The world of music and the musician can be a lonely and isolated one. The idea that music is made for an ‘industry’ and not as an artistic outlet can confuse the audience it is aimed at. 

 

I sit here with three new local CD releases. One of them is the completion of a project that also includes a cassette and soon vinyl. The band doesn't exist anymore, but the project needed to be completed. The next is a singer/songwriter whose CD is an outlet for him to receive feedback on where he’s going and give his friends and family a taste of his talent. The third is a bunch of mates who have been playing in bands around Newcastle for over 30 years. They’ve formulated their sound to make sure the people they play to have a great time, and go home with a souvenir of that great time to live again on the boring car journey into work on Monday.

 

ADELINE PINES are a band out of time.

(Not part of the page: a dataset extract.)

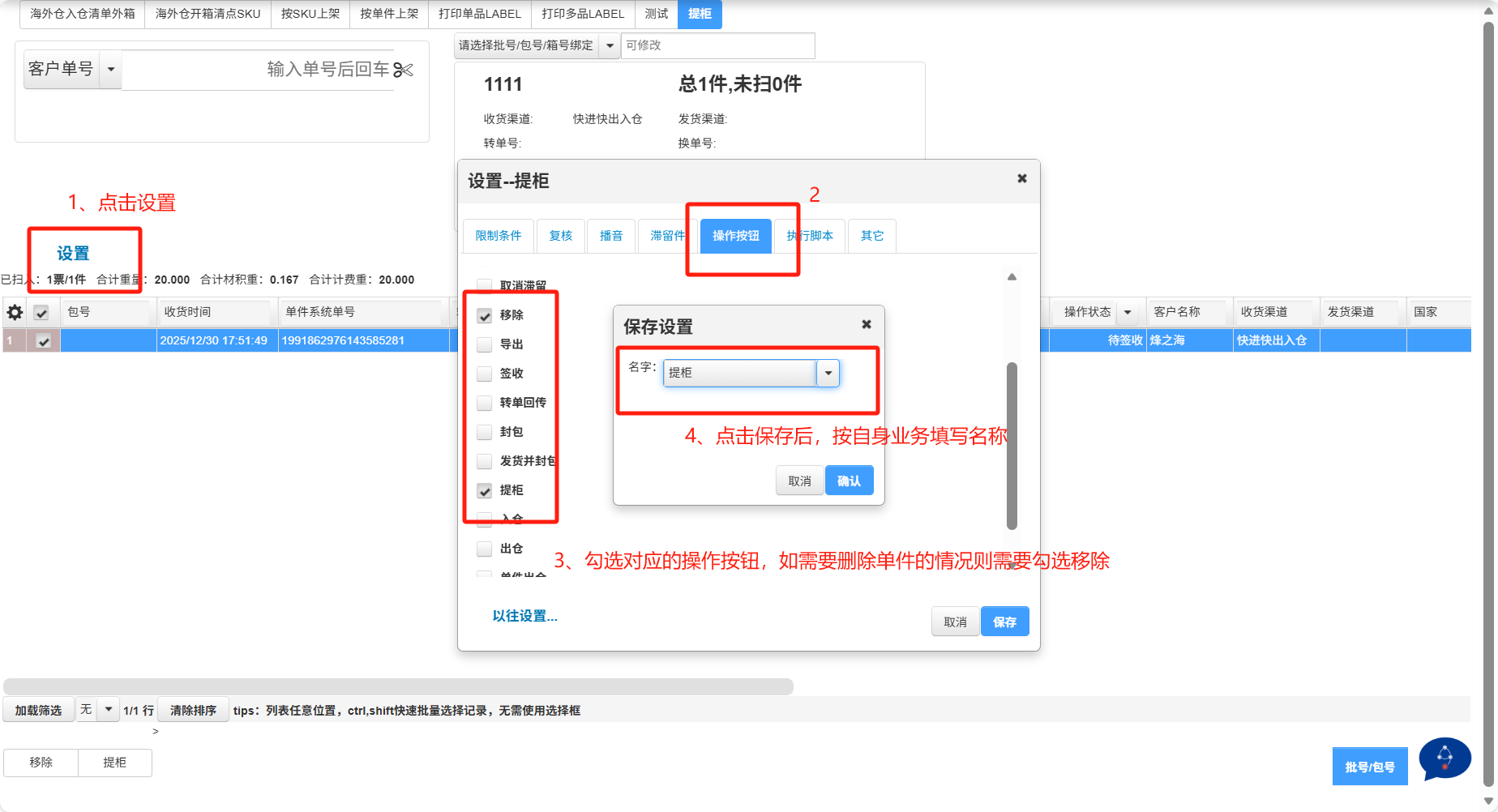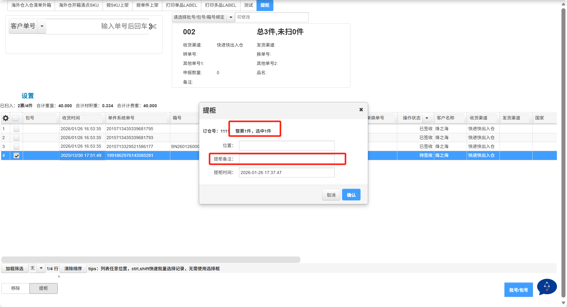 3、核对选中单件信息,填写提柜信息,点击确认则完成提柜

Their place should have been in the burgeoning Omaha, Nebraska scene of the early 2000s, and the Saddle Creek label. Ex-Like Alaska man Corey has been influenced by (but not copied) artists like Bright Eyes, Tim Kasher and Cursive/The Good Life – who themselves were influenced by the punk/alternative scenes of the 90s – as well as the classic American songwriting of Dylan, Springsteen and Paul Westerberg. While the word ‘country’ is slung around, they’re not really country except in the classic sense that Dylan can record Nashville Skyline and he's suddenly country. Good solid recording and a fine testament to the life that these guys led. The art and packaging are also very impressive – really brings a good sense to the recordings.

 

BOFOLK BALLICO sounds like a Serbian hitman, but no, he’s a Newcastle solo artist. Just a man and an acoustic guitar. His distinct Australian vocals remind one of the 80s acts Redgum, Goanna and Weddings Parties. Anything but the structures show that emo has been a part of his life, as have the acoustic albums of post-2000 punk/emo singers who needed to release their soft side. It’s the sound of the campfire party and a few beers, except this guy also has something to say. The songs are still a little rough around the edges, but show immense promise once Bofolk Ballico works out the true direction he wants to take.

 

THE HURRICANES have it all. They’re a band who, when you want a great night out without it being predictable, can totally satisfy that itch. No bad covers, all original and a great rocking sound. Definite rockabilly influence but then there's some surf guitar and great power-pop hooks – even some country influence. In some ways they’re the perfect Newcastle bar band, and with this CD release you can get that in the comfort of your lounge room or man cave!

 

I'm still on the lookout for some Newcastle electronica – I know it’s out there. Perhaps next month.